“Spaving” may sound like a way to fill in potholes, but it’s actually a term related to your personal finances. This recently-coined portmanteau combines the words “spending” and “saving,” and is based on the belief that you should spend money upfront in order to save more in the long run. There are those who’d argue the opposite, however, claiming that spaving only increases the risk of falling into debt. So, is spaving a panacea for your money woes, or is it just a pitfall that too many gullible people fall victim to? Here’s what you should know and whether you should try it out.
What Is Spaving?
Think of spaving as spending more upfront to lessen the total average cost of each item. For example, you may buy two boxes of cereal to get the third free. Benefits may appear immediately or possibly even years down the line, depending on the purchase. Some critics, however, claim there are no real benefits to be had, and that spaving is no more than a clever marketing tactic that helps the manufacturer far more than it does the consumer.
Common Ways to Spave
One of the most common spaving techniques is spending “X” amount of dollars in order to get free shipping. Let’s say you’re buying a $20 item and need to spend an extra $10 for free shipping — otherwise, shipping will cost you $8. After careful deliberation, you decide to throw in another $20 item, because $40 for two items sounds way better than $28 for just one. This is the perfect encapsulation of spaving; spending more than you were initially intending to in order to lower the cost of each average item.
Other ways to spave include buying an annual subscription to a streaming service rather than paying monthly, as that lowers the total cost per month. Another method is to pay substantially more money for a high-quality product. In this case, the expectation is that better products last longer, meaning you won’t have to deal with the hassle of replacing flimsier models more frequently.
Many people also unknowingly participate in spaving by taking advantage of retail sales. Retailers often use tactics like “buy one, get one” and “spend X dollars for a free gift,” as it attracts potential customers. Anyone who pulls the trigger on a sale like that is paying more money than they intended now rather than risk paying full price after the sale ends — this too is a form of spacing.
What Are the Drawbacks?
Critics deride spaving as little more than a marketing tactic that forces the consumer to pay more money than they had initially budgeted. Spending that extra $20 to earn free shipping may seem like a win to some, but nobody is forcing you to buy that second item and spend double the original plan. In essence, spaving boils down to a fear of missing out more than anything else, as there are far better alternatives for managing personal finances. Those who spave often are also at risk of developing excessive spending habits, and in extreme cases, spaving can even lead to crippling credit card debt.
Should You Do It?
A lot of financial advisors actually warn against spaving, as the perceived savings rarely add up to a level that makes these purchases worth it. Keep in mind that retailers aren’t trying to help you save money — they’re trying to earn profits.
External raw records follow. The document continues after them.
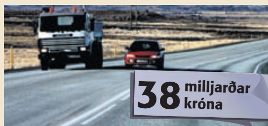
LITLI OG STÓRI Á GÖTUM ÚTI Á meðal fyrirhugaðra verkefna lífeyrissjóðanna er breikkun Suðurlandsvegur að hluta á milli Selfoss og Reykjavíkur.

Samið var um aðkomu lífeyrissjóðanna að byggingu sjúkrahússins í nóvember í fyrra. Spítali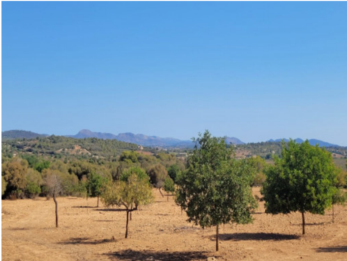
Solar con vistas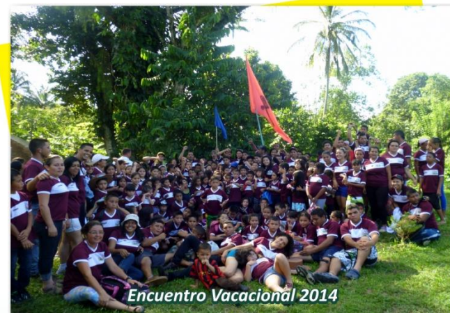
Encuentro Vacacional 2014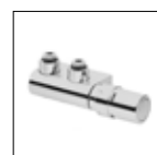
Valvola a squadra VHX-D/RAX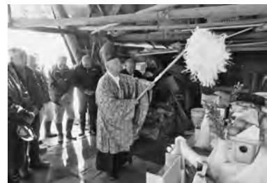
【火入れ式～作業の安全を祈願してお祝い～（1/6）】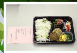
学生プロデュースお弁当例 ※2023年度のもの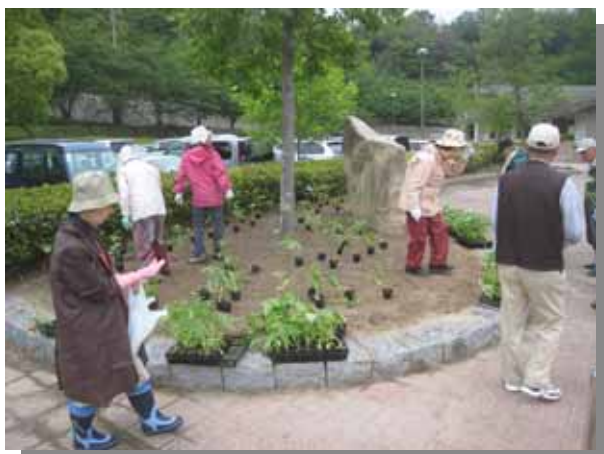
まずは花の会の皆様に準備をしていただきました。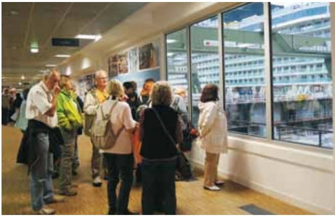
Im Besucherzentrum der Meyer-Werft in Papenburg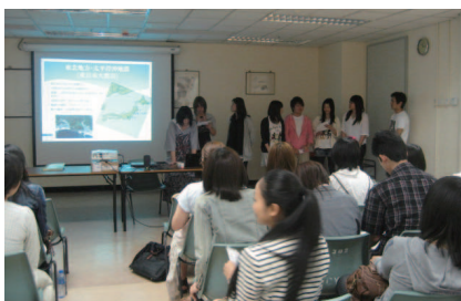
テーマ「地震」の発表

「行動する」ことは難しいことですが、募金や節電など今やれること、できることを判断し、速やかに行動することによって社会の一員として責任を果たしていくことがかけています。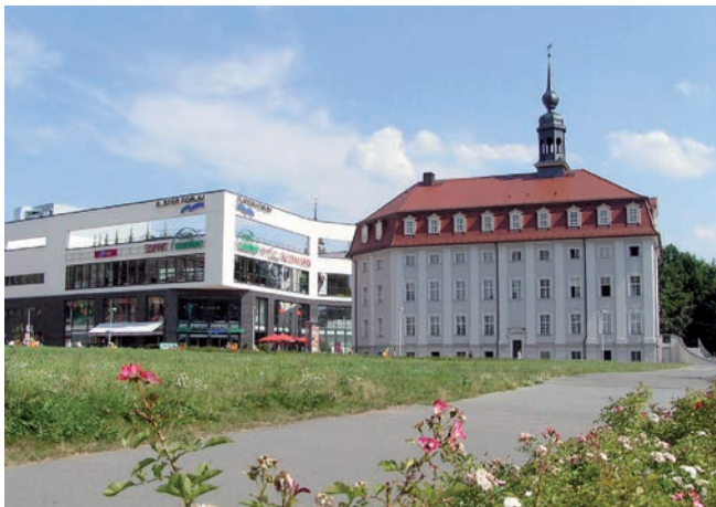
Elsterforum und Stadtmuseum

Wichtig ist zudem, sofort mit jener Krankenkasse Kontakt aufzunehmen, bei der Ihr Kind versichert sein soll. Fragen Sie Ihre Krankenkasse am besten schon vor der Geburt, worauf Sie achten sollen. Die Meldepflicht erfüllt das Standesamt für Sie.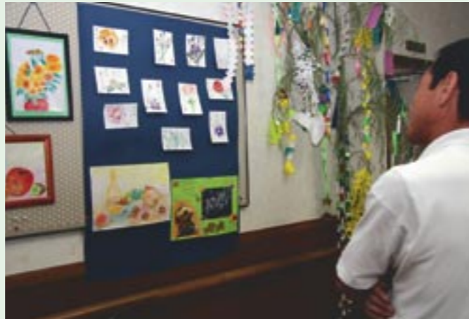
様々な活動をおして社会参加を目指す「スマイルの会」のみなさんの絵てがみや水彩画などの力作が岩瀬福祉センターに展示されました。

スマイルの会は、家に閉じこもりがちの人や、人との付き合いがうまく出来ない人たちが集まって活動している団体で、精神ボランティアのみなさんの協力によって毎週火曜日に岩瀬福祉センターで、創作活動や環境美化運動・畑作業でさつまいも作り・調理実習およびスポーツなどを行って社会参加をめざしています。同会の問い合わせは、健康推進課・予防係(☎0296-75-2486)までお願いいたします。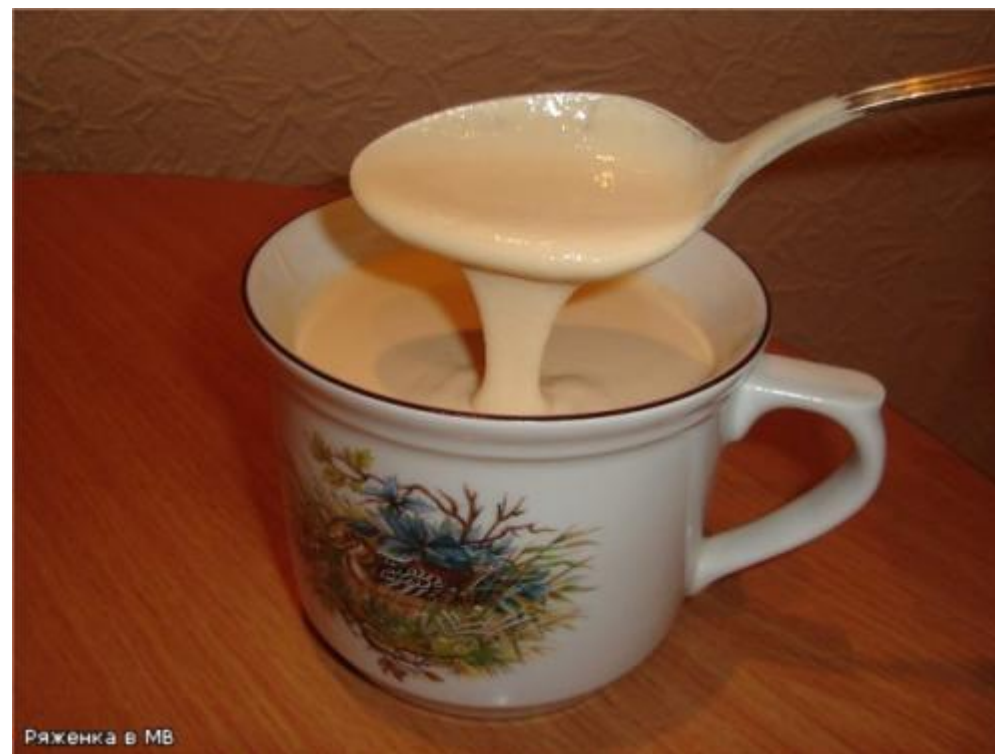
Ряженка в МВ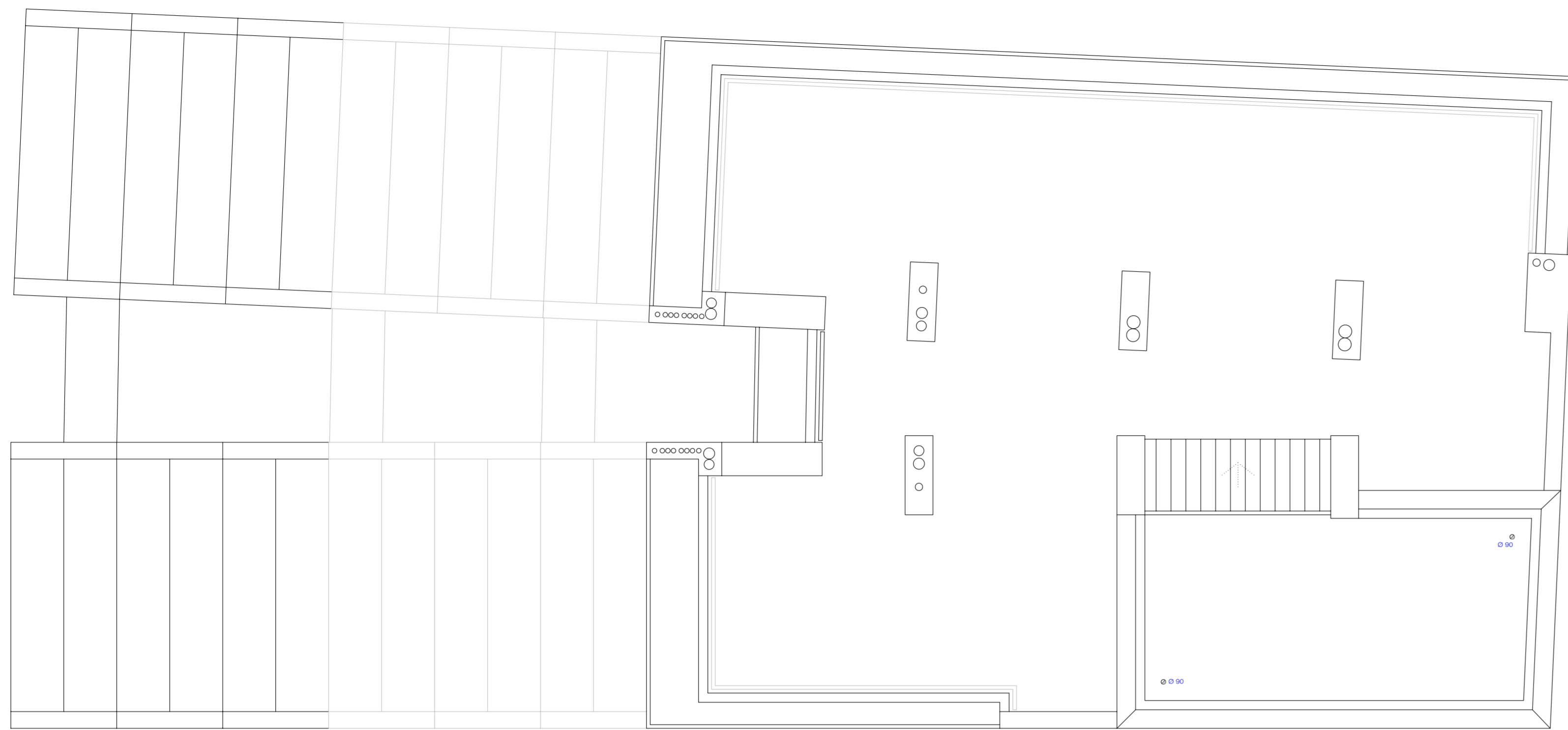
PLANTA COBERTA (BLOC B)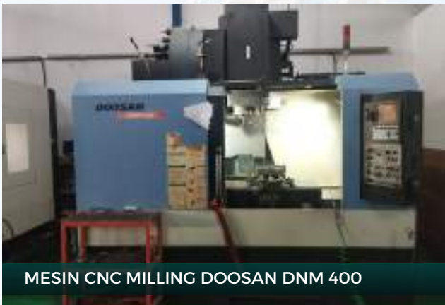
MESIN CNC MILLING DOOSAN DNM 400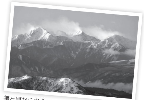
美ヶ原からの北アルプス連峰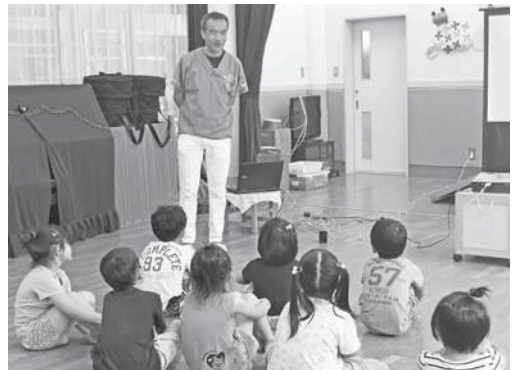
歯科医の先生の話きく子どもたち

子どもたちだけではなく、むし歯予防のためには「大人もフッ化物入り歯磨き剤を使うことがおすすめ」とのことでした。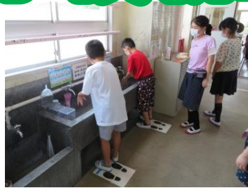
給食当番から手洗い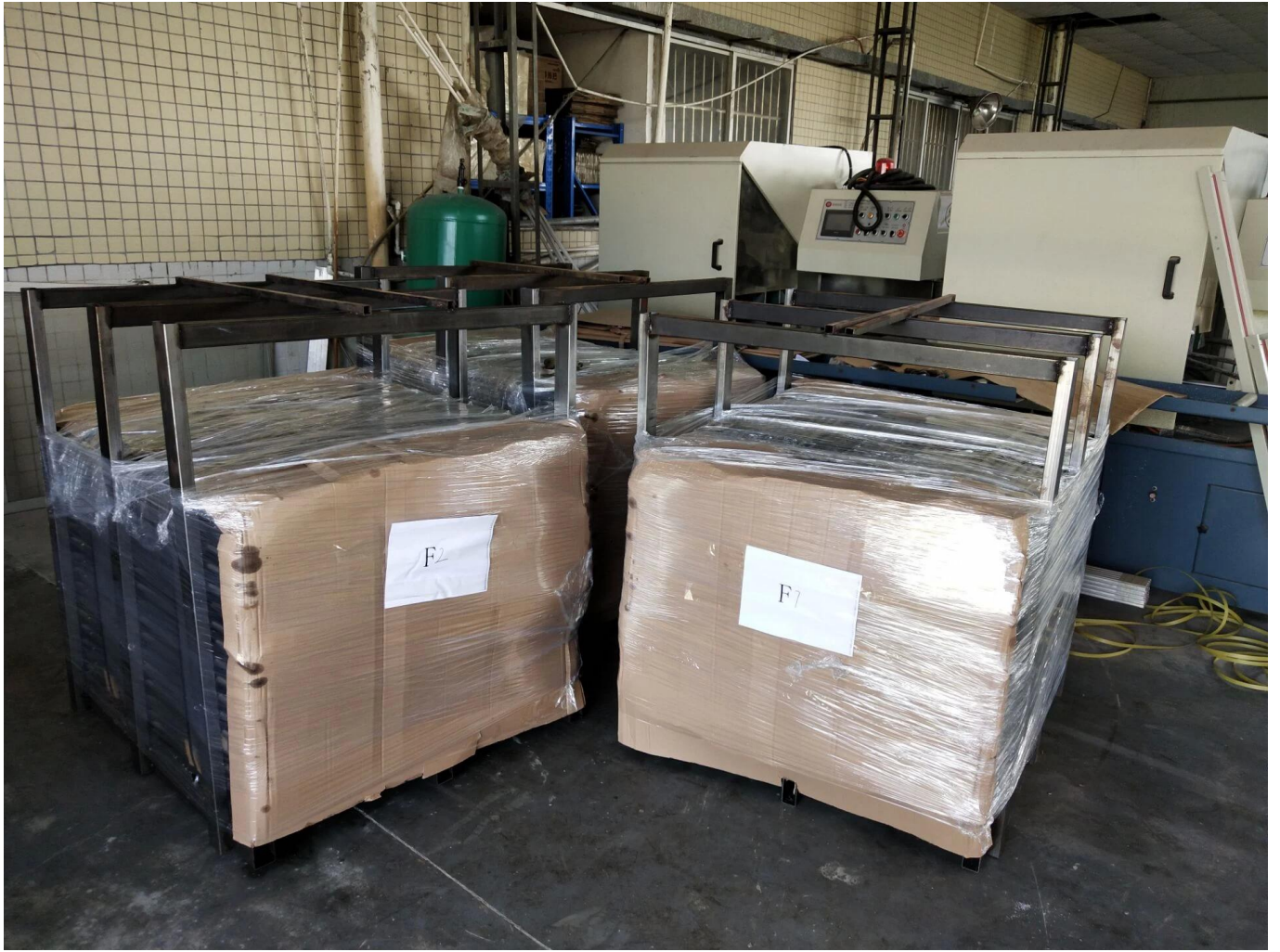
Afbeeldingen van het project

There are certain circumstances where minor levels of spaving are acceptable, especially when it comes to the essentials. Let’s look at toilet paper — maybe one pack isn’t enough to earn free shipping. In this case, you know you’ll need more toilet paper down the line, so adding a second package for free shipping is within the realm of reason.
But when it comes to buying new clothing or a brand new kitchen appliance, don’t allow yourself to be lured in by clever advertising techniques. Just because you see a new shirt on sale for 50% doesn’t mean you need to pull the trigger, as nobody will be forcing you to pay full price for that same shirt after the sale ends. If you find yourself tempted by situations such as these, maybe sleep on it. If you end up pulling the trigger anyway, you should pay with cash if possible, as that eliminates the potential for credit card debt.